They will all have to join forces to find the treasure but before that can happen people in the group start dropping like flies. The saddest murder to me was the last one but I won’t spoil why.
Jessica isn’t very welcomed by the family and she especially isn’t welcome when Eamon leaves her Rose Cottage for once saving his life when he was visiting Cabot Cove. This is a small cottage on the property but not the main house, which his called, fittingly, Second Chance.
The problem is that Breeta (Sarah Jane-Potts) is living in Rose Cottage to be away from her money and power-hungry family members. While she’s at first hostile toward Jessica for being given the cottage, they eventually become friends as they try to figure out Breeta’s father’s riddle and who is killing people off.
An aside: The little cottage reminded me of the house my elderly friend Rev. Reynolds and his wife Maud lived in. Rev. Reynolds built his home to look just like an Irish cottage since he was from Northern Ireland. It was so cozy and warm. I loved visiting them there (except when he had another project for me) It brings tears to my eyes to think of it and the memories there. I’m so glad another couple is living there now and keeping the cozy feel of it alive. I need to go visit them soon since I met them through Rev. Reynolds.
Anyhow…back to the show:
The lead inspector in this movie, by the way, was quite amused by Jessica’s suspicions and deductions after the first murder. He looked like he was about to burst into laughter as she laid out her theory.

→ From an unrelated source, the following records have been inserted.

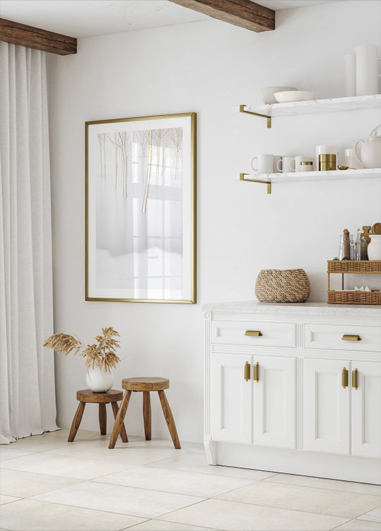 Winter Reflection de Laurentiu Pavel captura la quietud del invierno nórdico: los árboles desnudos se alzan como siluetas gráficas a lo largo de las orillas, reflejados perfectamente en el agua helada. La atmósfera luminosa y brillante y la paleta limitada de tonos blancos y grises crean calma, armonía y una profundidad meditativa en la habitación. Un poético paisaje invernal que invita a la contemplación.
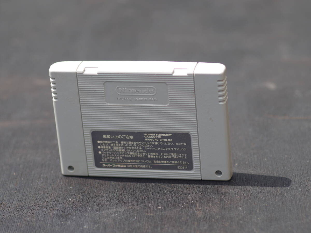 こちらは任天堂スーパーファミコンのソフトです。古いスーパーファミコンソフトはメンテナンスがないものはほとんどが接触不良で動作しません。清掃用アルコールは購入すると高いので、端子を清掃し、プレイ可能と記されたものを購入されることをおすすめします。
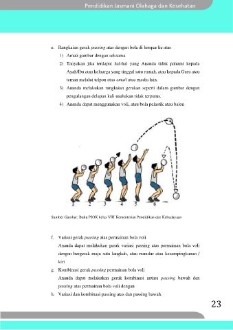 e. Rangkaian gerak passing atas dengan bola di lempar ke atas
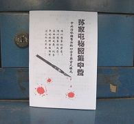 ![]() 张贴在龙潭公园电话厅里的不干胶《大.纪.元;郑重声明》 | ![]() 放在龙潭公园电话厅里的小册子《秘密集中营――中共活体摘售法轮功学员器官大曝光》 |
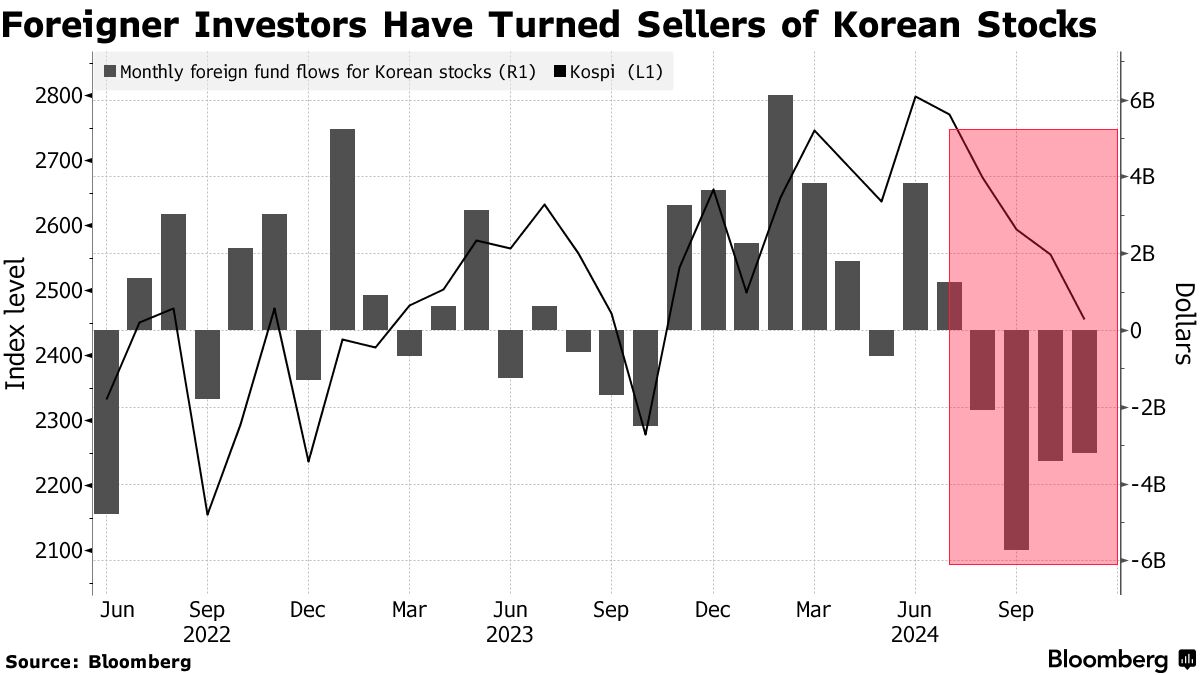 在最近的政治动荡之前,投资者已经对韩国持谨慎态度,指出该国经济放缓以及对特朗普关税的担忧。这导致连续四个月的股票流出,总额超过140亿美元,促使花旗集团、高盛集团和摩根大通上个月下调了该国股票的评级。

He seemed to think it was super cute that this old lady mystery writer thought the man might have been hit on the head. I really liked the actor — Timothy V. Murphy. I thought he played the part perfectly. I felt like he was saying in his mind, “Aw..she’s so cute. The mystery writer thinks she knows how to solve a real crime.”
(Excuse the reproduction here – it’s from my computer because there were not a lot of images online from the movie.)
Of course he had to eat his words when it turned out she was right and from then on, he treated her gently and seemed to want to take care of her and also believe every theory she had.
This video is also from my laptop so not the best reproduction:
The Irish accents in this were on point which made me look up the actors to see if they were actually Irish. With names like Cyril O’Reilly, Timothy Murphy, and Fionnula Flanagan how could they not have been Irish? I didn’t have time to research each actor but most of them did seem to actually be Irish and from Ireland.
I did recognize Fionnula Flanagan, but I’m not sure from what. I must have seen her in something or other, though. It will come to me eventually.
As in any Murder, She Wrote episode there were moments where I was like, “Well, that was a stupid move!” Like at one point Jessica runs out the door in the middle of her and Breeta and Breeta’s boyfriend, Paddy, (Cyril O’Reilly) brainstorming who the murderer is and she just says, “Wait here. I’m going to check something out.”
I literally said to the screen: “Jessica! Tell them where you are going! You can’t just run off places alone. That’s dangerous and you’re an old lady now!”
That’s the thing about these mystery shows —someone is always doing something dumb and the characters and us viewers just shrug it off like it is normal — well, after we yell at them of course. *wink*.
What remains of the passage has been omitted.